Six years after delivering the first approved mRNA COVID-19 vaccine and becoming a global success story, Mainz-based BioNTech is confronting a sharp reversal.
The company that had spent more than a decade developing mRNA cancer therapies and then partnered with Pfizer to produce Comirnaty in record time now said it will close manufacturing sites in Germany and Singapore, putting roughly 1,860 jobs at risk. Last quarter BioNTech reported a net loss of €532 million and first-quarter 2026 revenue of €118 million, down 35% year-on-year. Management told investors it expects COVID-19 vaccine revenues to be lower in 2026 than in 2025 and will shift all COVID manufacturing to Pfizer as part of cost-cutting measures.

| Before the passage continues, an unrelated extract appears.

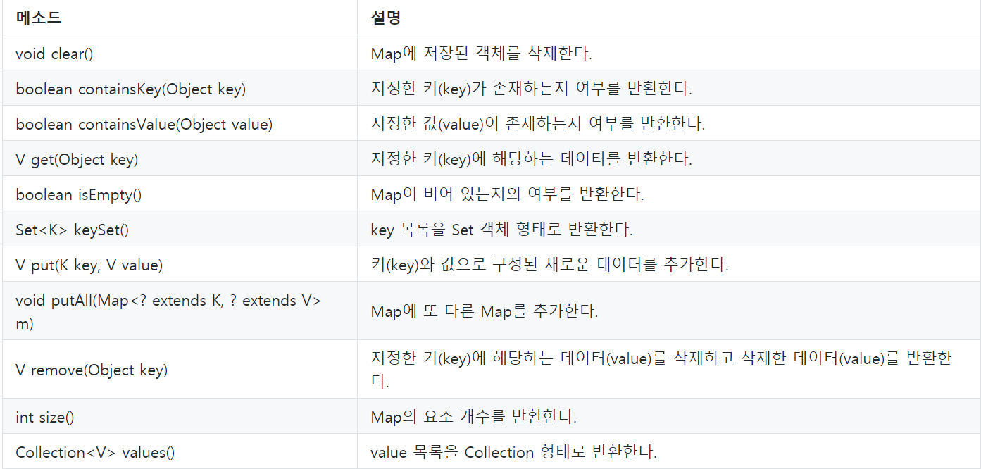 Key와 Value를 쌍으로 저장하는 자료구조로, Key는 중복될 수 없고 Value는 중복이 가능하다는 특징이 있습니다. Key를 통해 Value에 바로 접근이 가능하므로 상수 시간만에 탐색이 가능하다는 장점이 있습니다. 하지만, 데이터의 순서를 보장하지는 않습니다. 주로 사용하는 메소드는 아래를 참고하시면 됩니다.

Analysts say the company expanded production aggressively during the pandemic boom and is now left with idle capacity. BioNTech has also benefitted from substantial German state support for its cancer research and for the rapid vaccine effort, highlighting how a single blockbuster product reshaped the firm’s trajectory. By closing some plants and outsourcing vaccine output to Pfizer, BioNTech projects savings of about €500 million annually by 2029.

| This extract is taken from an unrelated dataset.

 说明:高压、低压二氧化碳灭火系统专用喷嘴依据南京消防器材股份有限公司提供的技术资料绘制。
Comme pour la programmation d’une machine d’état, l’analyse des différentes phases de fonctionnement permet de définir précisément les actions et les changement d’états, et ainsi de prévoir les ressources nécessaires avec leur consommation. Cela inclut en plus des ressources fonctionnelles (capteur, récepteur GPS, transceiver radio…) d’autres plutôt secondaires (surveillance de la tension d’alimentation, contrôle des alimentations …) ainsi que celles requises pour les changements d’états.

Controversy has followed several strategic decisions. In December 2025 BioNTech paid $1.25 billion (€1.06 billion) to acquire rival CureVac, securing patents and ending litigation over alleged mRNA patent infringement. When BioNTech announced its restructuring, the former CureVac facility in Tübingen was named among sites to be shut, prompting strong local backlash. The city mayor accused the company of acquiring the rival only to close its operations; trade unions and regional chambers warned that specialised know-how and skilled workers could be lost.

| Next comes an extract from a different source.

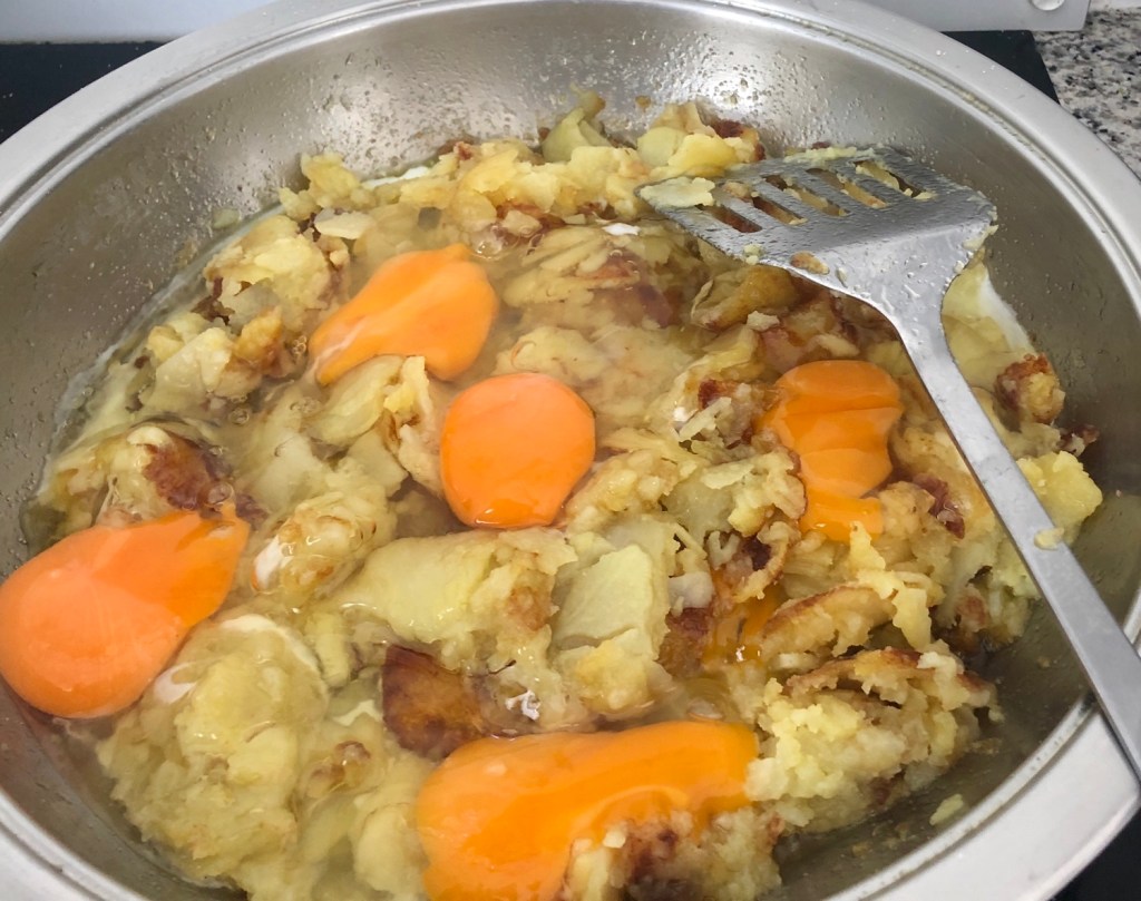 - Añadimos 4 o 5 huevos según tamaño, apagar el fuego y romper las yemas un poco, dejándolas quietas y se cuajaran con el propio calor de las patatas.

Investor confidence was further shaken when founders Ugur Sahin and Özlem Türeci said they will leave by year-end to start a new venture focused on next‑generation mRNA. Shares dropped about 18% after the announcement. Market participants and industry watchers have questioned whether BioNTech can maintain its scientific edge without the founders’ translational and clinical leadership. BioNTech says it will retain a small stake in the founders’ new startup.
The company is attempting to return to its original long-term mission: using mRNA to treat cancer. It is advancing late-stage oncology programs and works with partners including Bristol Myers Squibb on breast, lung and other cancer indications. BioNTech told investors it expects to have roughly 15 pivotal Phase 3 cancer trials underway by year-end, making upcoming clinical readouts critical to the firm’s future prospects.
As it reduces COVID production and reorganises, BioNTech is seeking to transform from a pandemic-era vaccine powerhouse into a diversified oncology-focused biotech. Whether that transition succeeds—and whether Germany’s biotech ecosystem can retain the talent and manufacturing capacity affected by recent closures—remains uncertain.
The company’s story is a reminder of how quickly fortunes can change in biotech: a laboratory breakthrough can deliver vast revenues and public acclaim, but sustaining that momentum depends on pipelines, leadership continuity and adapting to post-pandemic market realities.